Justification by faith meant that forgiveness was available to all, regardless of social standing or ability to pay, even regardless of the amount or nature of good works performed.  God’s forgiveness was granted to all believers, not through the auspices of the Church, but directly through God’s gift of grace alone. 

If faith is righteousness or right relationship to God, and humans are broken at the very core of their being, then righteousness and brokenness must co-exist within humanity.  From our own perspective, we are knowingly sinners; from God’s perspective, we are unknowingly righteous, thus giving us hope.  As Luther wrote,

“It is just like a man who is sick, and who believes the doctor who promises his full recovery.  In the meantime, he obeys the doctor’s orders in the hope of the promised recovery, and abstains from those things which he has been told to lay off, so that he may in no way hinder the promised return to health…  Now is this person sick or well?  In fact, he is both sick and well at the same time.  He is sick in reality – but he is well on account of the sure promise of the doctor, whom he trusts, and who reckons him as already being cured…  So he is at one and the same time both a sinner and righteous.  He is a sinner in reality, but righteous by the… promise of God that he will continue to deliver him from sin until… completely cured...  So he is entirely healthy in hope, but a sinner in reality.”

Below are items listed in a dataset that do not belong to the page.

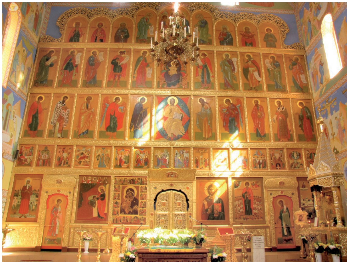
Рис. 3. Иконостас церкви Великомученика и Целителя Пантелеимона. Екатеринбург

арочных проемов, оформлении киотов и на нимбах святых. В отношении орнамента на золотых нимбах художник всегда деликатен, если рассматривать ор-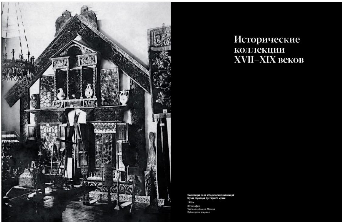
Рис. 3. Альбом издания «Знаменитый и неизвестный Кустарный музей. Из собрания Всероссийского музея декоративного искусства»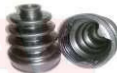
T-3912 GUARDA POLVO LADO CAJA COROLLA

For most earlier medieval theologians, love rather than faith formed the pathway to salvation:  fides caritate formata (faith formed through acts of love).  But for Luther, the principle religious problem had become the transformation from a state of doubt and uncertainty to a state of confidence in words and promises that lacked immediate verification.  In other words, our deepest question was about trust:  not whether or not one was inwardly and outwardly righteous, but whether God was truthful in God’s judgment of human nature and destiny.” For Luther, the central religious problem of Protestantism became the questionable certitude of salvation – not the rationality of faith; not even the proof of God’s existence; but the trustworthiness of God’s word.  (Of course, for Luther, God revealed God’s self through God’s word in scripture.)  Can we trust God?  That was the question for our direct forebears, the puritans in this country, as well.

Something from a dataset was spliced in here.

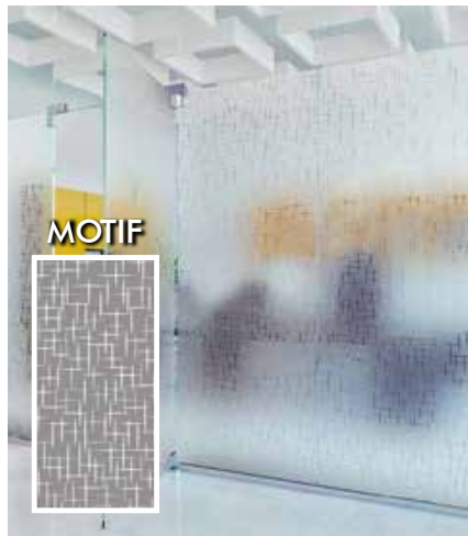
FILM DÉCORATIF DÉPOLI TRAITS CROISES INT490

Luther strove through his thought to lessen the violence of 16th-century existence.  Like other first-generation reformers, Luther permitted individuals to resist persecution only passively.  Two years before the outbreak of the Great Peasants’ War, Luther changed course and spoke against insurrection as a remedy for social grievance:  “No insurrection is ever right, no matter how right the cause it seeks to promote.” While Luther continued to speak to the righteousness of the magistrates’ and princes’ opposition to the higher authority of the emperor, he began belatedly to disdain the same methods when used by the common man, a fact that would have implications in the peasant uprisings soon to sweep Germany.

 

In contrast to Luther and his northern German attempt to reform individuals through the reform of the doctrines of the Church, the Reformed tradition begun in the Swiss cantons by Huldrych Zwingli was more interested in reforming church and society by focusing on the moral consequences of the Gospel.  Christ, for Zwingli and the Swiss, was a moral example, present in memory in the Eucharistic Supper and making moral demands of humanity in Scripture, whereas for Luther and his followers Christ was a continual personal presence within each believer. 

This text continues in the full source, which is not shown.